By analyzing existing cross correlation between BEXIMCO PHARMAGDR REGS and ANI Pharmaceuticals, you can compare the effects of market volatilities on BEXIMCO PHARMAGDR and ANI Pharmaceuticals and check how they will diversify away market risk if combined in the same portfolio for a given time horizon. You can also utilize pair trading strategies of matching a long position in BEXIMCO PHARMAGDR with a short position of ANI Pharmaceuticals. Check out your portfolio center. Please also check ongoing floating volatility patterns of BEXIMCO PHARMAGDR and ANI Pharmaceuticals.

Diversification Opportunities for BEXIMCO PHARMAGDR and ANI Pharmaceuticals

0.29
  Correlation Coefficient

Modest diversification

The 3 months correlation between BEXIMCO and ANI is 0.29. Overlapping area represents the amount of risk that can be diversified away by holding BEXIMCO PHARMAGDR REGS and ANI Pharmaceuticals in the same portfolio, assuming nothing else is changed. The correlation between historical prices or returns on ANI Pharmaceuticals and BEXIMCO PHARMAGDR is a relative statistical measure of the degree to which these equity instruments tend to move together. The correlation coefficient measures the extent to which returns on BEXIMCO PHARMAGDR REGS are associated (or correlated) with ANI Pharmaceuticals. Values of the correlation coefficient range from -1 to +1, where. The correlation of zero (0) is possible when the price movement of ANI Pharmaceuticals has no effect on the direction of BEXIMCO PHARMAGDR i.e., BEXIMCO PHARMAGDR and ANI Pharmaceuticals go up and down completely randomly.

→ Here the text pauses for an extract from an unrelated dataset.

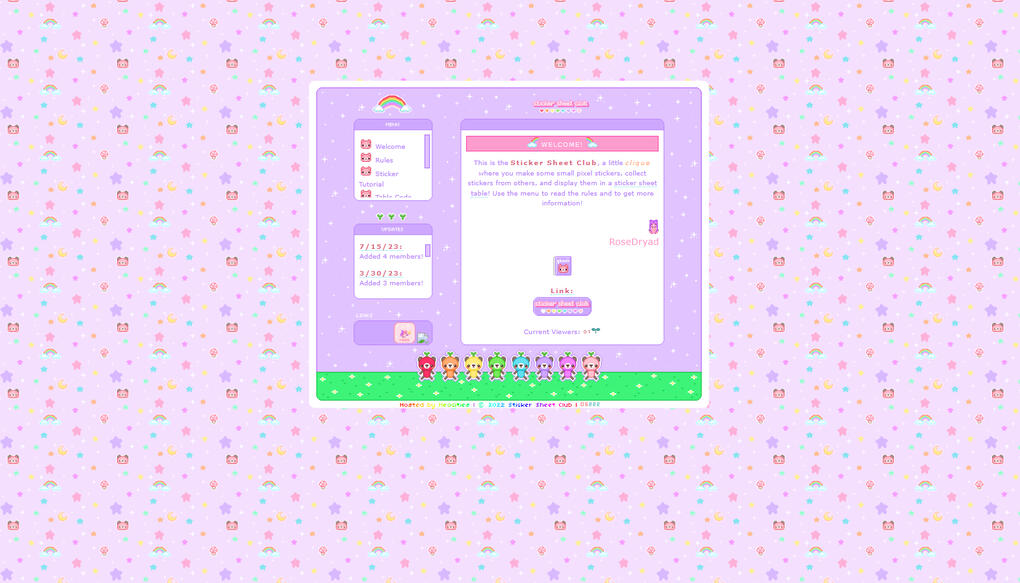 i made a pixel clique called the 'sticker sheet club' on neocities.you make small pixel stickers, collect stickers from others, and display them in sticker sheet tables on your own site.just sign the guest book if you want to be added to the members list so others can easily find your stickers.

Pair Corralation between BEXIMCO PHARMAGDR and ANI Pharmaceuticals

Assuming the 90 days trading horizon BEXIMCO PHARMAGDR REGS is expected to generate 1.86 times more return on investment than ANI Pharmaceuticals. However, BEXIMCO PHARMAGDR is 1.86 times more volatile than ANI Pharmaceuticals. It trades about 0.02 of its potential returns per unit of risk. ANI Pharmaceuticals is currently generating about 0.03 per unit of risk. If you would invest  45.00  in BEXIMCO PHARMAGDR REGS on September 26, 2024 and sell it today you would lose (4.00) from holding BEXIMCO PHARMAGDR REGS or give up 8.89% of portfolio value over 90 days.
Time Period3 Months [change]
DirectionMoves Together 
StrengthVery Weak
Accuracy100.0%
ValuesDaily Returns

BEXIMCO PHARMAGDR REGS  vs.  ANI Pharmaceuticals

 Performance 
       Timeline  
BEXIMCO PHARMAGDR REGS 

Risk-Adjusted Performance

16 of 100

 
Weak
 
Strong
Solid
Compared to the overall equity markets, risk-adjusted returns on investments in BEXIMCO PHARMAGDR REGS are ranked lower than 16 (%) of all global equities and portfolios over the last 90 days. Despite nearly uncertain basic indicators, BEXIMCO PHARMAGDR reported solid returns over the last few months and may actually be approaching a breakup point.
ANI Pharmaceuticals 

Risk-Adjusted Performance

0 of 100

 
Weak
 
Strong
Very Weak
Over the last 90 days ANI Pharmaceuticals has generated negative risk-adjusted returns adding no value to investors with long positions. In spite of comparatively stable basic indicators, ANI Pharmaceuticals is not utilizing all of its potentials. The newest stock price uproar, may contribute to short-horizon losses for the private investors.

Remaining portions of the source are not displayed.